When you transcribe the lines below, keep every word the same and leave the pictures behind.

Input data ▸
-*-*-

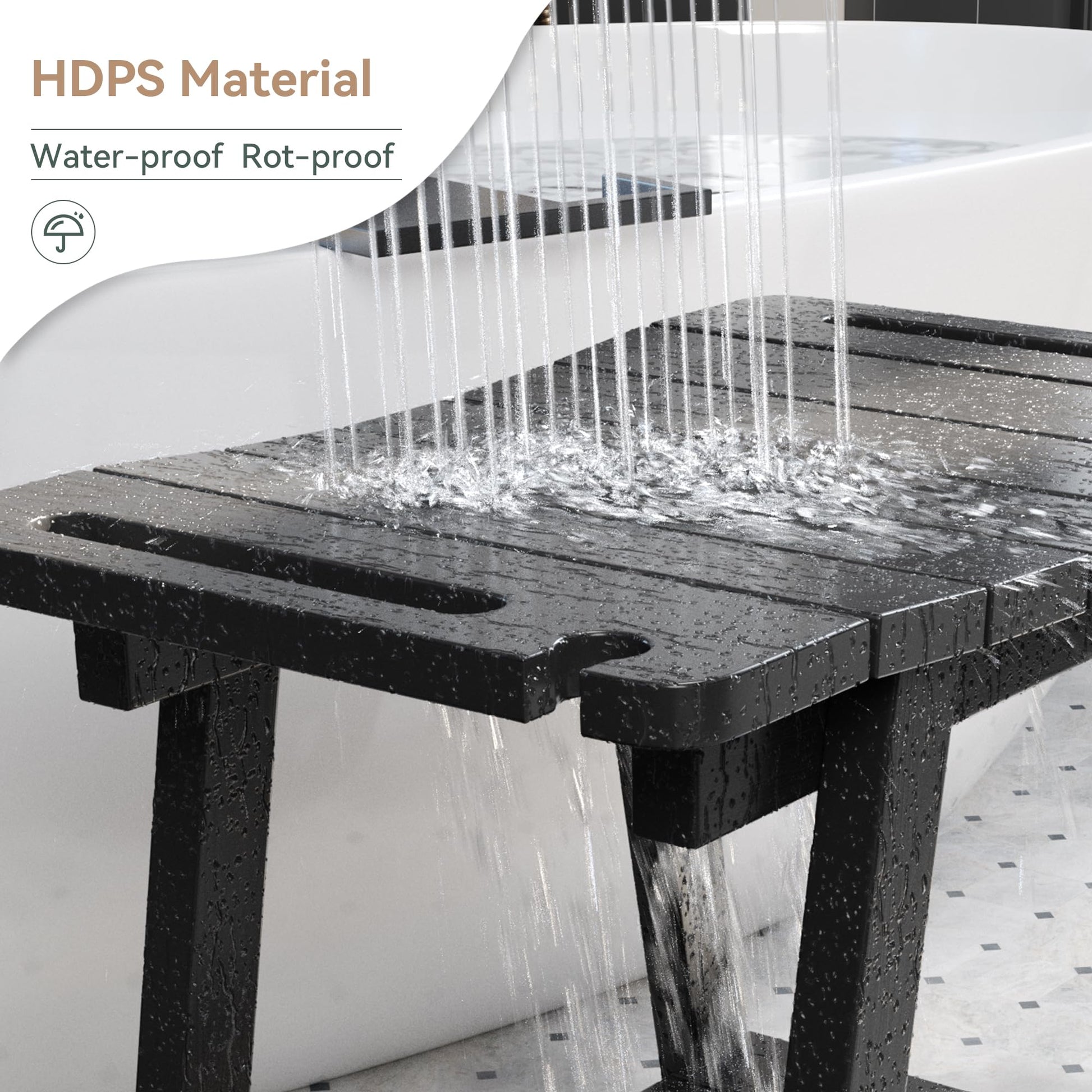 - HDPS Material: This shower bench is made of HDPS, which is highly water resistant and easy to clean, it looks like wood but without the worry of swell and discoloration, it is low maintenance, just wipe it with a cloth
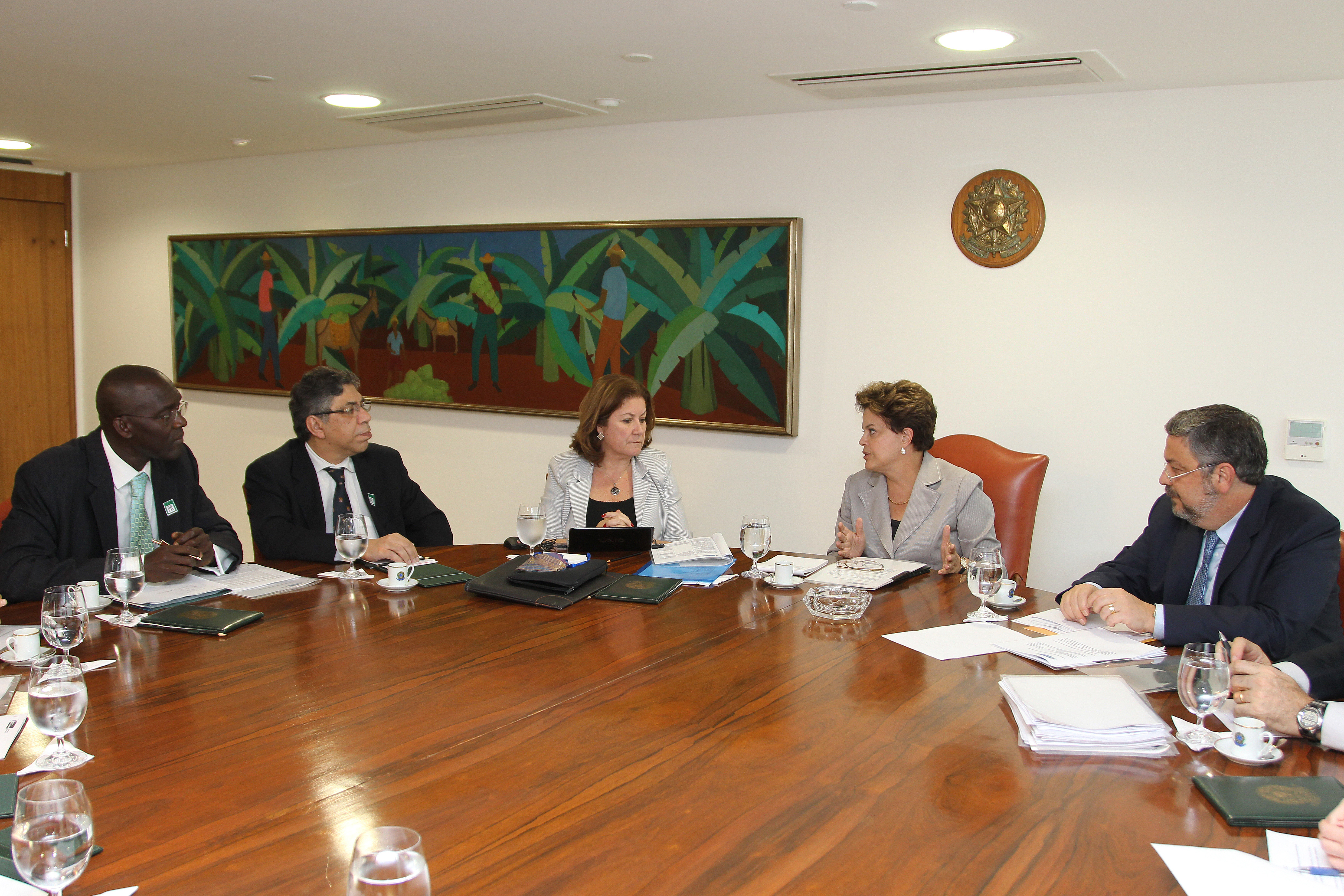 Dilma em reunião com vice-presidente do Banco Mundial, Otaviano Canuto, e o diretor do Banco Mundial para o Brasil, Makhtar Diop
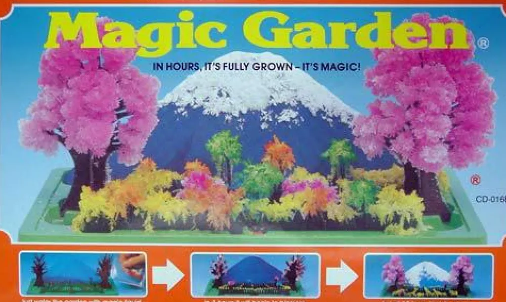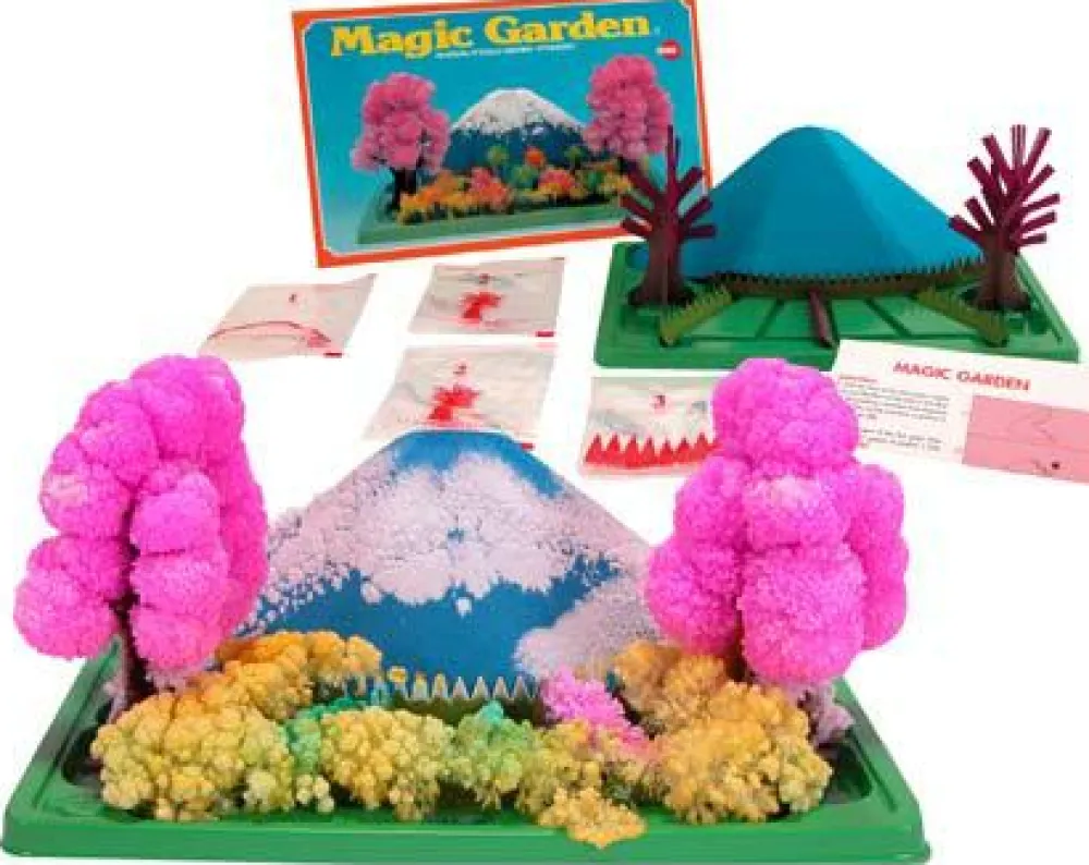 Med dette sæt kan du sammen med dit barn lave flotte krystaller, som samtidigt ligner en lille japansk have. I sætter haven op og så suger træerne krystalvæsken og ud gror krystallerne lige så langsomt.

-*-*-

Exercise solution ▸
 - HDPS Material: This shower bench is made of HDPS, which is highly water resistant and easy to clean, it looks like wood but without the worry of swell and discoloration, it is low maintenance, just wipe it with a cloth
 Dilma em reunião com vice-presidente do Banco Mundial, Otaviano Canuto, e o diretor do Banco Mundial para o Brasil, Makhtar Diop
 Med dette sæt kan du sammen med dit barn lave flotte krystaller, som samtidigt ligner en lille japansk have. I sætter haven op og så suger træerne krystalvæsken og ud gror krystallerne lige så langsomt.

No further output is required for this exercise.